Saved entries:
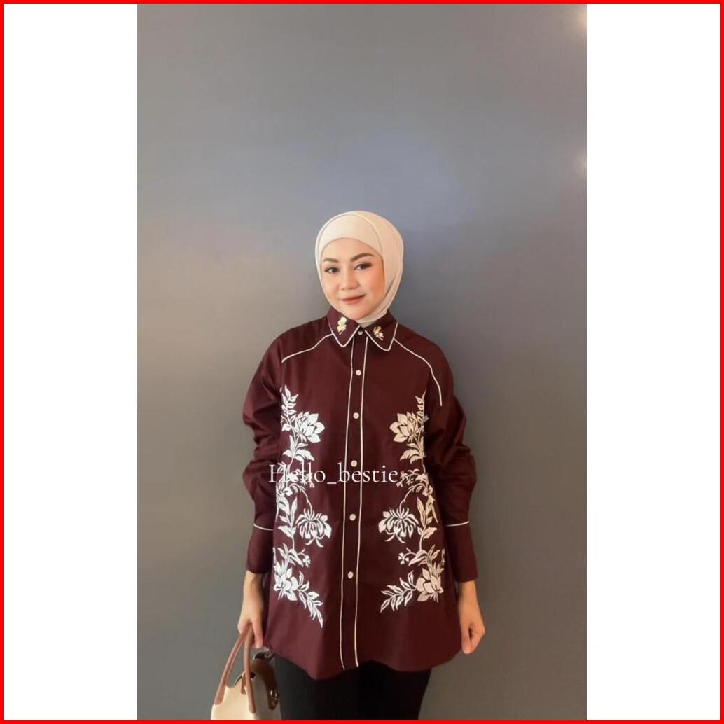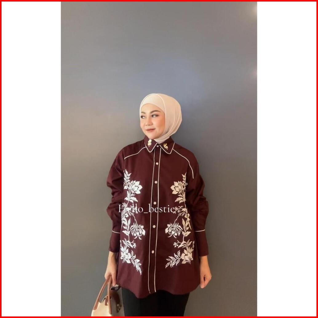 Hello Bestie - Aresta Oversize Ld 130cm - Kemeja Wanita Oversize Lengan Panjang Katun Bordir Bunga Casual
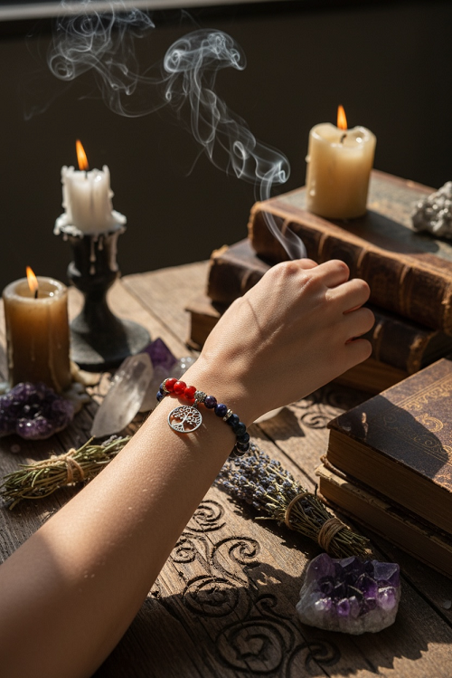 Before wearing, hold the bracelet and set a positive intention such as growth, peace, or balance.
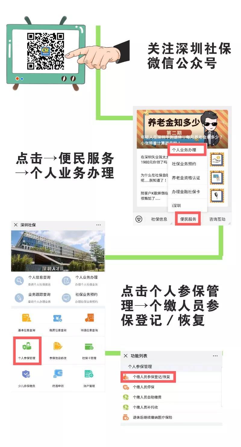怎樣給自己參保繳費(fèi)?深戶(hù)靈活就業(yè)人員有以下幾種渠道為自己參保繳費(fèi):登錄深圳市社會(huì)保險(xiǎn)基金管理局官網(wǎng)(http://hrss.sz.gov.cn/szsi)上的個(gè)人網(wǎng)上服務(wù)系統(tǒng),自助辦理。關(guān)注“深圳社?!蔽⑿殴娞?hào),在微信上辦理。在社保自助終端機(jī)上辦理。前往社保機(jī)構(gòu)的辦事窗口辦理。
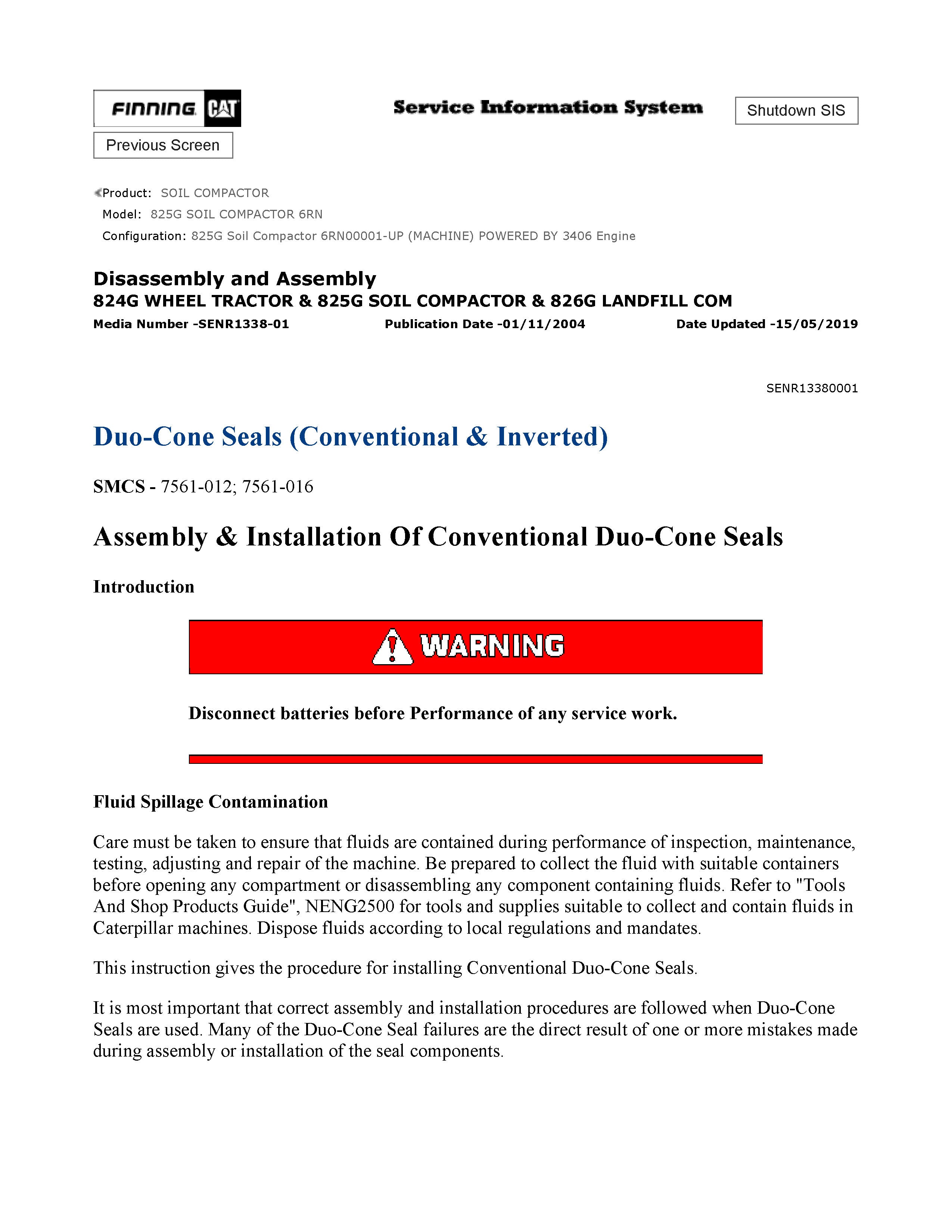 Caterpillar 825G SOIL COMPACTOR General Service Information
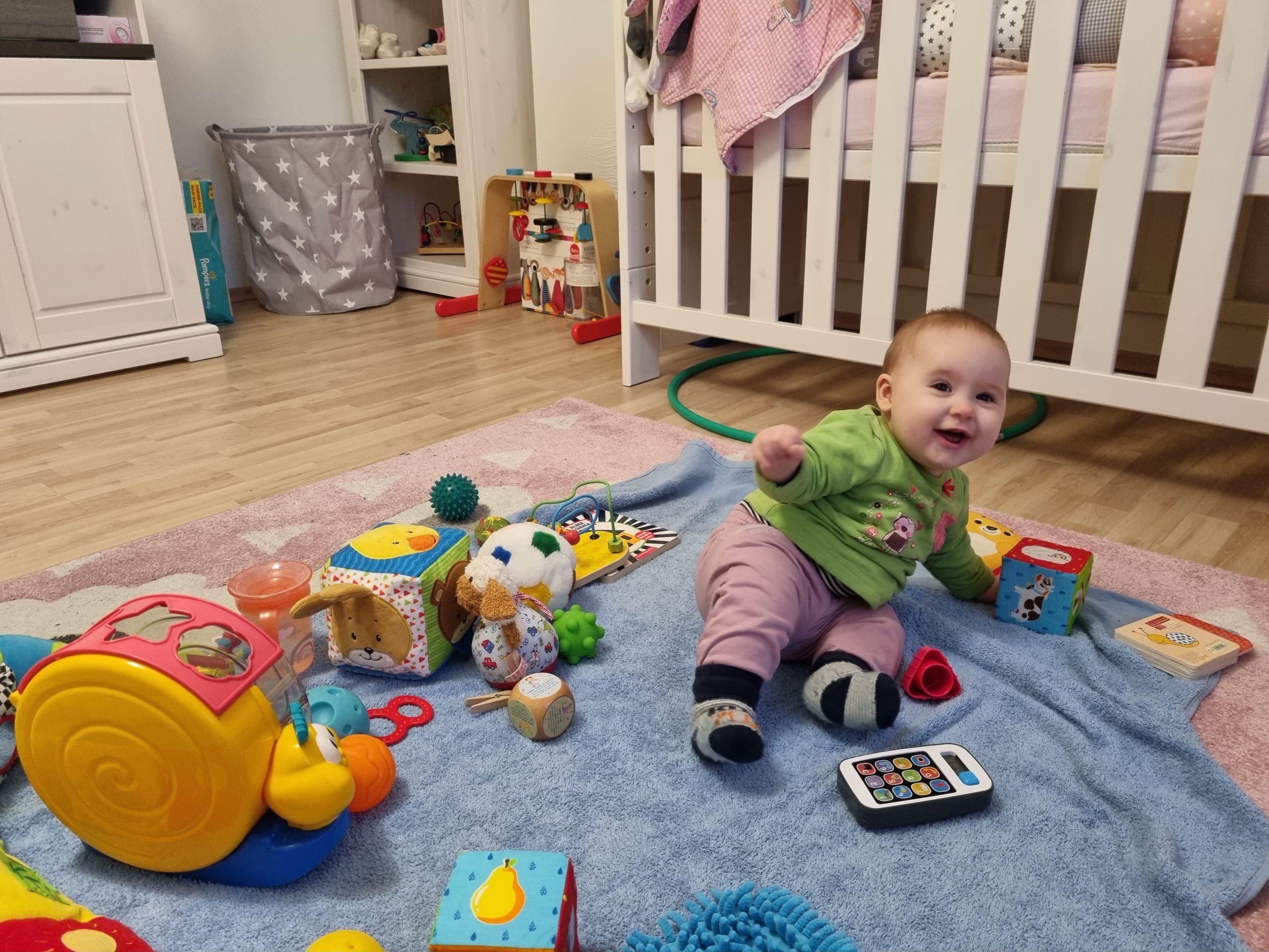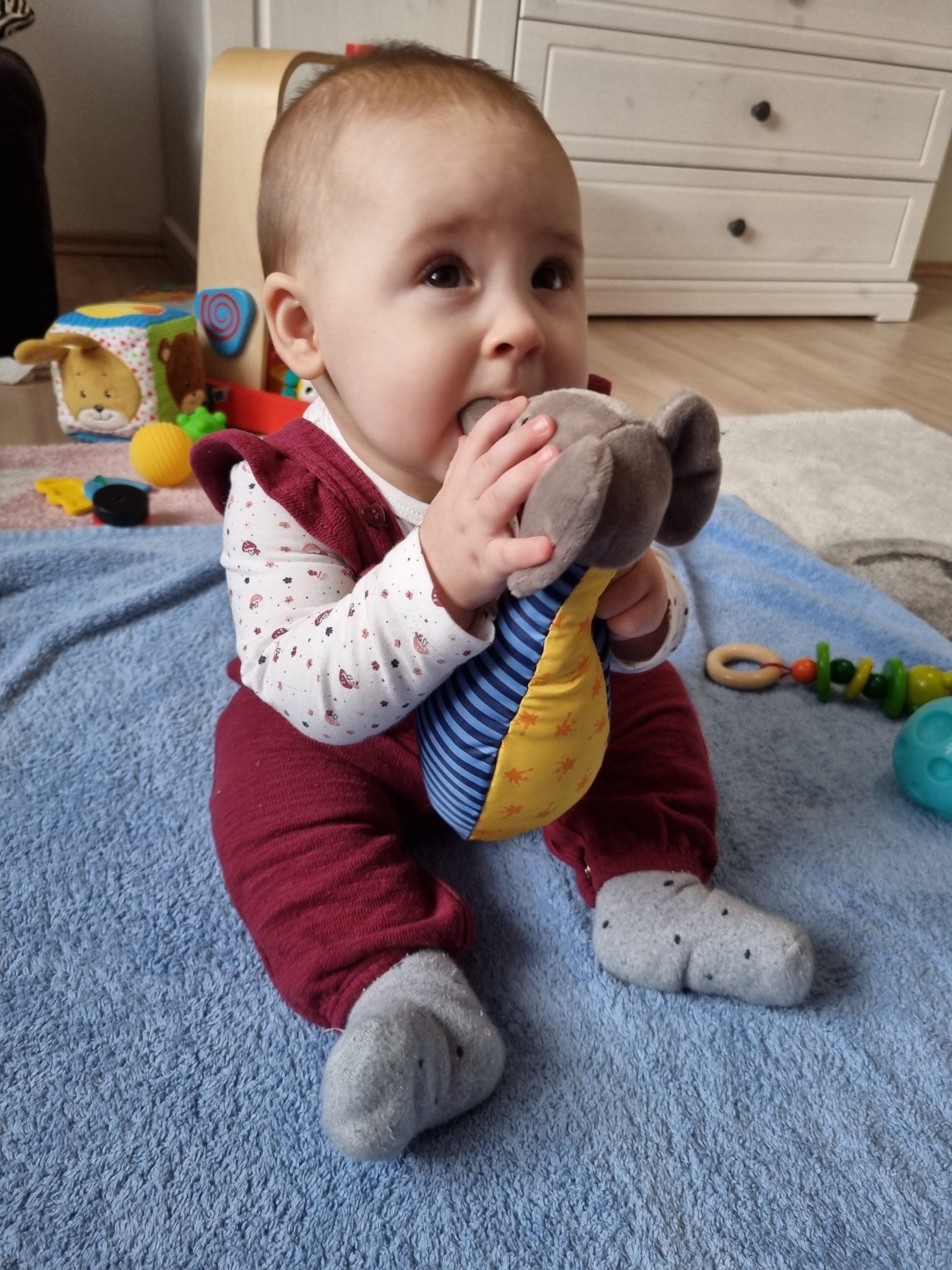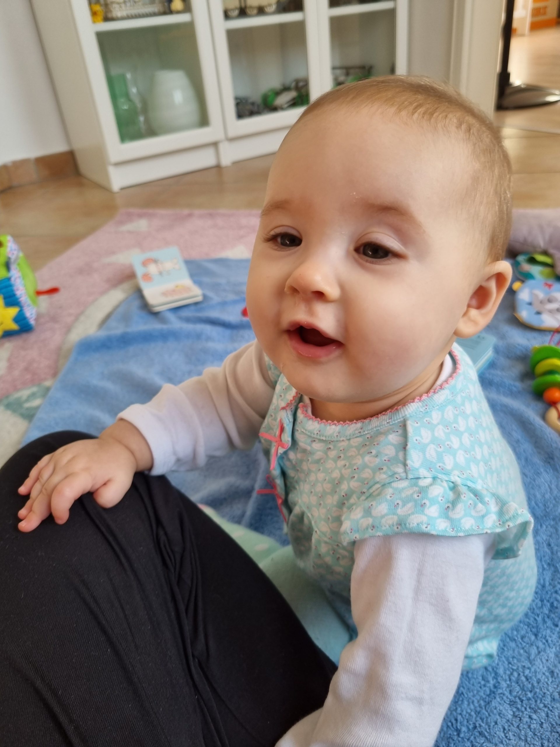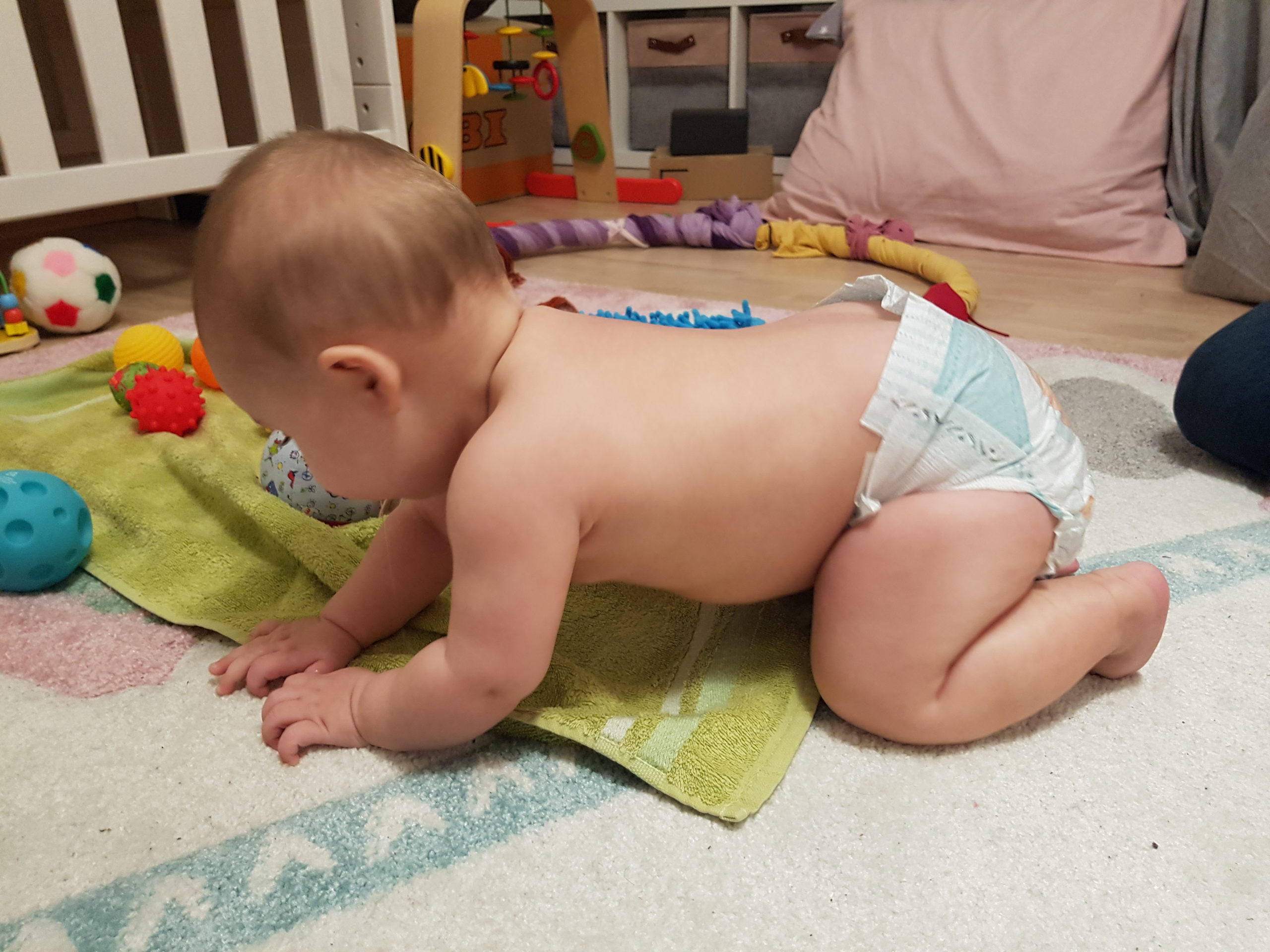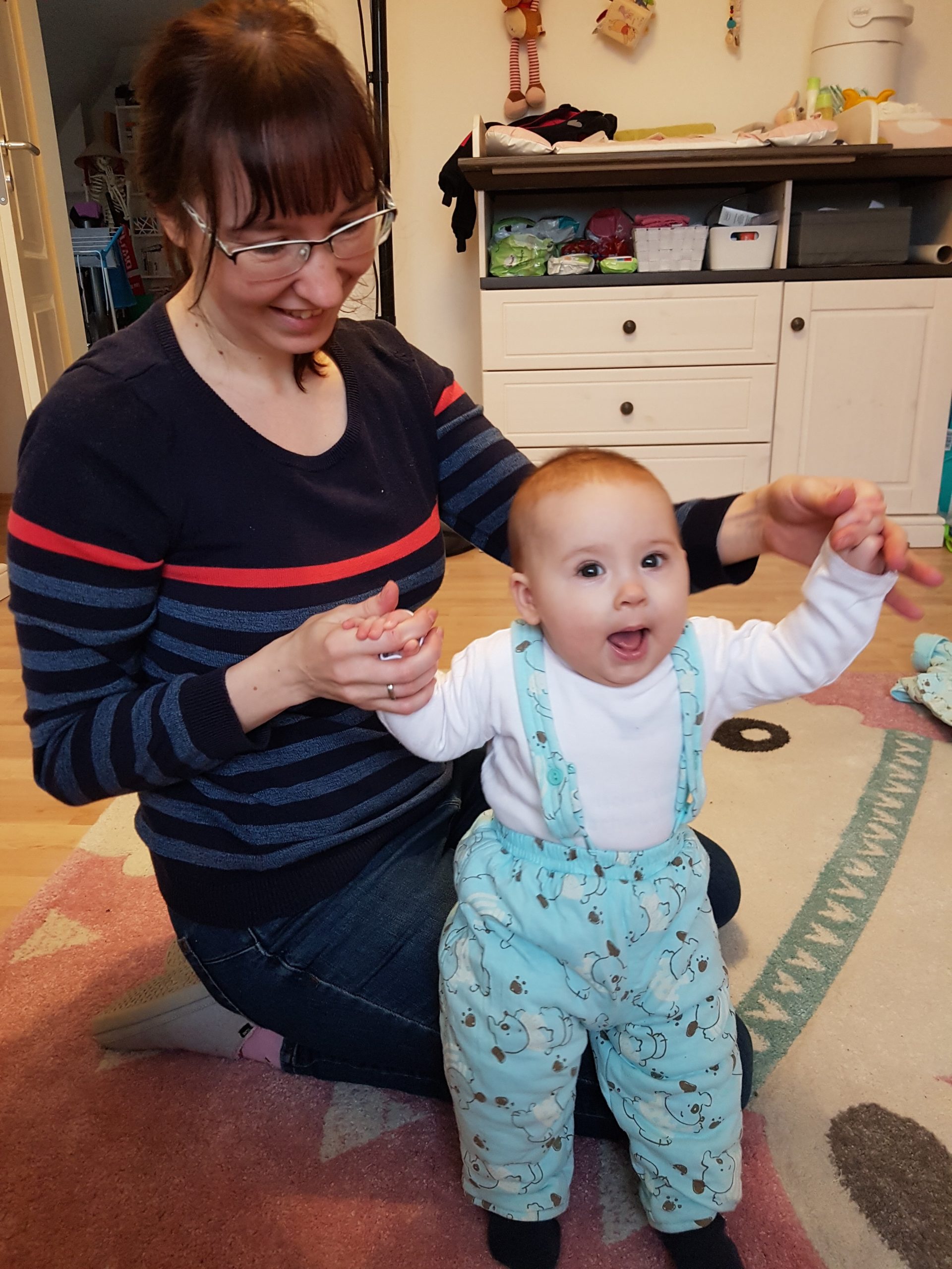 Aufsetzen kann ich mich inzwischen alleine, in den Vierfüßlerstand komme ich auch schon ohne Weiteres und es fehlt auch gar nicht mehr viel zum Robben. Dann geht es richtig ab!

Task requirements:
Please output only the lines running from the one that holds "Caterpillar 825G SOIL" through the last line of the entries, both ends included, without any images.

Written solution:
 Caterpillar 825G SOIL COMPACTOR General Service Information
 Aufsetzen kann ich mich inzwischen alleine, in den Vierfüßlerstand komme ich auch schon ohne Weiteres und es fehlt auch gar nicht mehr viel zum Robben. Dann geht es richtig ab!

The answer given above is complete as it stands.